### TASK GOAL
Could you show each line of the records that contains the word "FOTO"?

### DATA TO EXAMINE
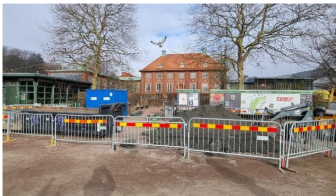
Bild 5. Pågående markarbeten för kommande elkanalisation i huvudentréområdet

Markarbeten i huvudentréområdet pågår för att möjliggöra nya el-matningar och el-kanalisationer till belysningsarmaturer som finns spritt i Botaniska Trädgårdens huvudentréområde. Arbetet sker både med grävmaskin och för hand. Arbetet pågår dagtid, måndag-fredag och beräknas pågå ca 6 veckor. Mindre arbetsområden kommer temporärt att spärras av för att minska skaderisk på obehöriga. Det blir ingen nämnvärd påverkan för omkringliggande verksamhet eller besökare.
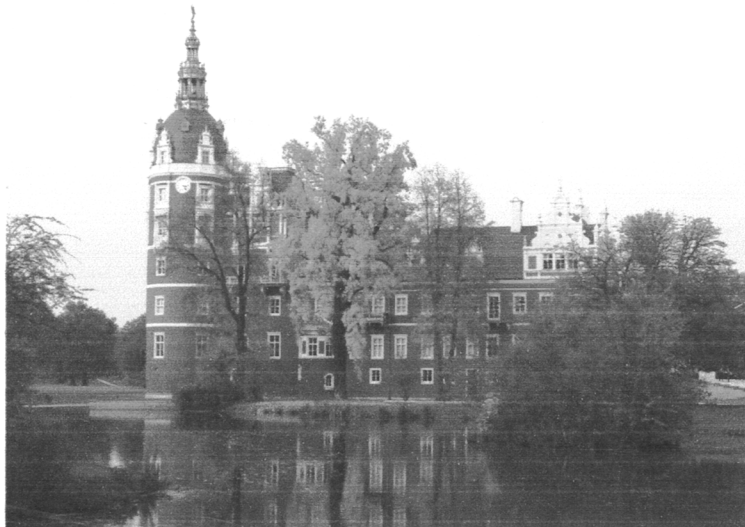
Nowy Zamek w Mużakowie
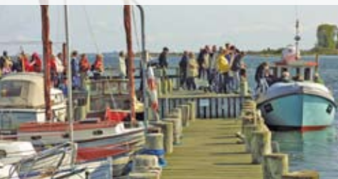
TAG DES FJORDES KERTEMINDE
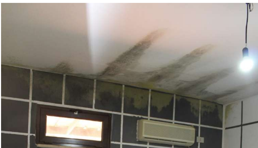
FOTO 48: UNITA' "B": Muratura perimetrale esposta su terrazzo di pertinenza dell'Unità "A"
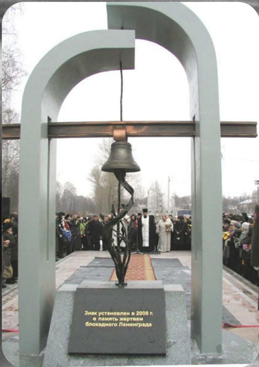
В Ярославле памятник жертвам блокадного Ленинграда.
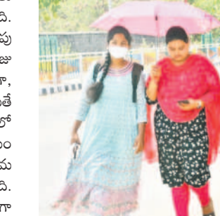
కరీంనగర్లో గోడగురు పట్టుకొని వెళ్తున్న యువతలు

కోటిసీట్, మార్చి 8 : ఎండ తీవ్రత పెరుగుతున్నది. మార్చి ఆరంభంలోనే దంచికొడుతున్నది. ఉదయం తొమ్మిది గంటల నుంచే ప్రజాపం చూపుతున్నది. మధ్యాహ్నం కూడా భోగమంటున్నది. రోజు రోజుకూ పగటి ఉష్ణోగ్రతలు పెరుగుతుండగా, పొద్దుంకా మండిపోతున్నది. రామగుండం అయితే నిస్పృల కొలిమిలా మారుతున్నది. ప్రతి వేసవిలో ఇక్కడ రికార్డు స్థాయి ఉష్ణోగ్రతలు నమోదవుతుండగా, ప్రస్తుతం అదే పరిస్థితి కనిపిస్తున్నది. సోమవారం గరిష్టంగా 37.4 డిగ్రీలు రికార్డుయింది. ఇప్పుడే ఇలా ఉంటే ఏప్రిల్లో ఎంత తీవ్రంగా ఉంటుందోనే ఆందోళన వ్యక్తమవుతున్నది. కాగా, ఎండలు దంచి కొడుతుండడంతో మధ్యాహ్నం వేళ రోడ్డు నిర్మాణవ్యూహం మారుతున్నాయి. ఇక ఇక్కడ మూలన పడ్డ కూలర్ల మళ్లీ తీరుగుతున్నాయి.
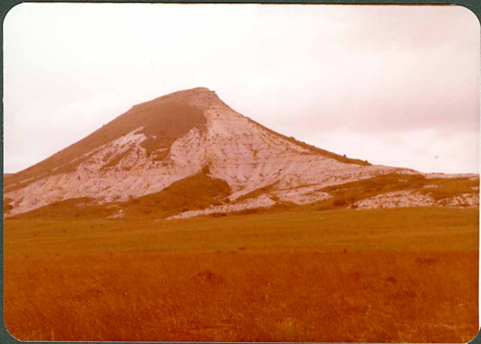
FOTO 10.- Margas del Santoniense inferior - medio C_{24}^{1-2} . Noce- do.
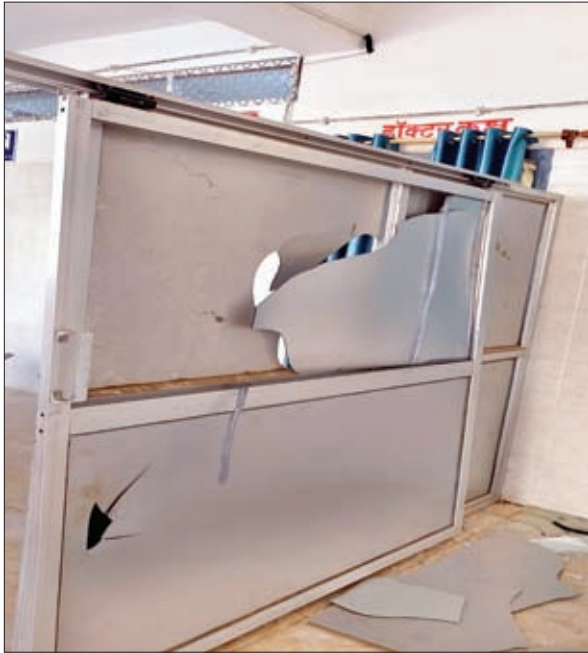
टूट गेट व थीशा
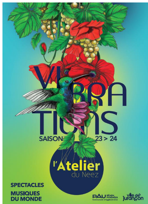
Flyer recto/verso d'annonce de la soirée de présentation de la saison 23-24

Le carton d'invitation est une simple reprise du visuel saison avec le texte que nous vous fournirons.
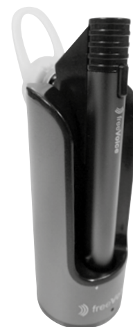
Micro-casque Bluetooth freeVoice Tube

### WORKED SOLUTION
FOTO 48: UNITA' "B": Muratura perimetrale esposta su terrazzo di pertinenza dell'Unità "A"
FOTO 10.- Margas del Santoniense inferior - medio C_{24}^{1-2} . Noce- do.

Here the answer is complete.